Problem Identification: The paper formally defines Non-Stationary Modality Imbalance in the context of continual AQA, demonstrating that existing methods fail significantly when modality availability evolves over time.
Novel Framework (BriMA): Introduces a tailored solution combining Memory-Guided Bridging (for score-faithful imputation) and Modality-Aware Replay (for drift-resistant adaptation).
Comprehensive Evaluation: Extensive experiments on three diverse datasets (RG, Fis-V, FS1000) covering rhythmic gymnastics and figure skating.
State-of-the-Art Performance: BriMA establishes a new baseline, outperforming existing continual learning and multi-modal methods across various missing rate scenarios (10%, 25%, 50%).

4. Experimental Results

The authors evaluated BriMA on three datasets: RG (Rhythmic Gymnastics), Fis-V (Figure Skating Video), and FS1000 (Large-scale Figure Skating).

Performance Gains:
- Correlation: Achieved 6–8% higher Spearman's Rank Correlation Coefficient (SRCC) compared to the best baselines.
- Error Reduction: Reduced Mean Squared Error (MSE) by 12–15% and Relative L2 error (RL2) by 13–15% on average.
- Robustness: As the missing modality rate increased to 50%, BriMA maintained stable performance, while baselines (like ST-MLAVL, EWC, DER++) suffered catastrophic drops in accuracy.
Ablation Studies:
- Removing the Bridging Imputation (MBI) caused a ~10% drop in SRCC, proving the necessity of residual correction over simple retrieval.
- Removing Modality-Aware Replay (MRO) led to higher error rates and instability, confirming the importance of prioritizing drift-sensitive samples.
Efficiency: Despite the added complexity, BriMA only increased parameters by ~0.1M and training time by ~1 hour, demonstrating a favorable efficiency-performance trade-off.
Generalization: The method was also tested on the MOSI sentiment analysis dataset, showing similar improvements, suggesting the approach generalizes to other multi-modal regression tasks.

5. Significance

This work is significant because it moves AQA research from idealized, static laboratory settings to real-world deployment constraints.

Practicality: It solves the "sensor failure" problem inherent in real-world sports analysis and rehabilitation, where data is rarely perfect or complete.
Theoretical Insight: It highlights that standard imputation techniques are insufficient for score-sensitive regression tasks.
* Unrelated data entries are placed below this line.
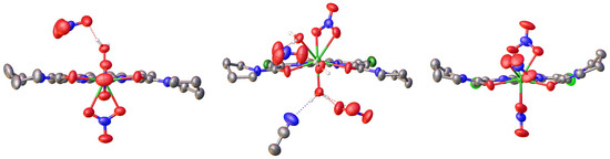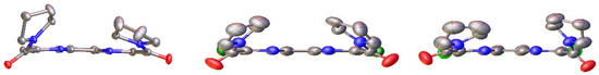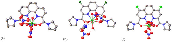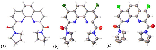 General view of ligands L1 (a), L2 (b), and L3 (c) in two projections. The non-hydrogen atoms are shown as thermal ellipsoids at a 50% probability level [16,17].
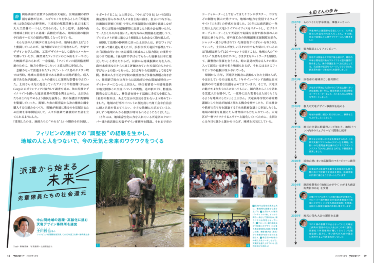 協力隊としての派遣をきっかけに、人や地域と関わりながら続けてきた活動を、「派遣から始まる未来」というテーマでまとめてもらっています。
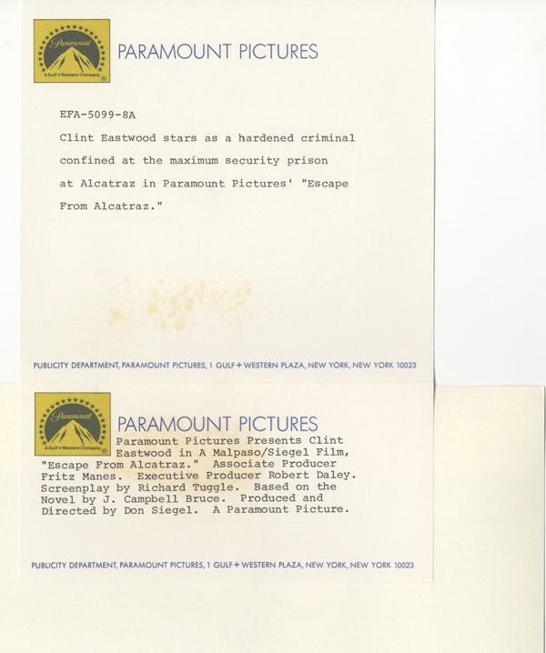 Escape From Alcatraz Clint Eastwood behind bars Original 8x10 Photo with Snipe 1979 Near Mint Condition This item is an ORIGINAL 8x10 photo from the historic archives of Silver Screen Mementos. This original photograph was made in the actual year the film, television show or event was produced. The movie studios produced publicity photographs for distribution to the press, photo agencies and publicity departments to advertise the film/tv show or event. Very often original photos have press release information on the reverse of the photo - movie credits, description of the scene, event and people involved. This is a historic piece of cinema art and is being offered from one collector to another, no rights given or implied. Silver Screen are gradually releasing thousands of Original Photographs, Transparencies, Negatives, Lobby Cards, Posters, Magazines and other memorabilia from our historic archive.

The proposed "bridging" strategy preserves the geometric structure of the scoring manifold, which is critical for ranking consistency.
Future Direction: BriMA provides a robust paradigm for building reliable multi-modal systems that can adapt to evolving data distributions without forgetting prior knowledge, a crucial step toward deploying AI in dynamic, real-world environments.

Code Availability: The authors have made their code publicly available at https://github.com/ZhouKanglei/BriMA.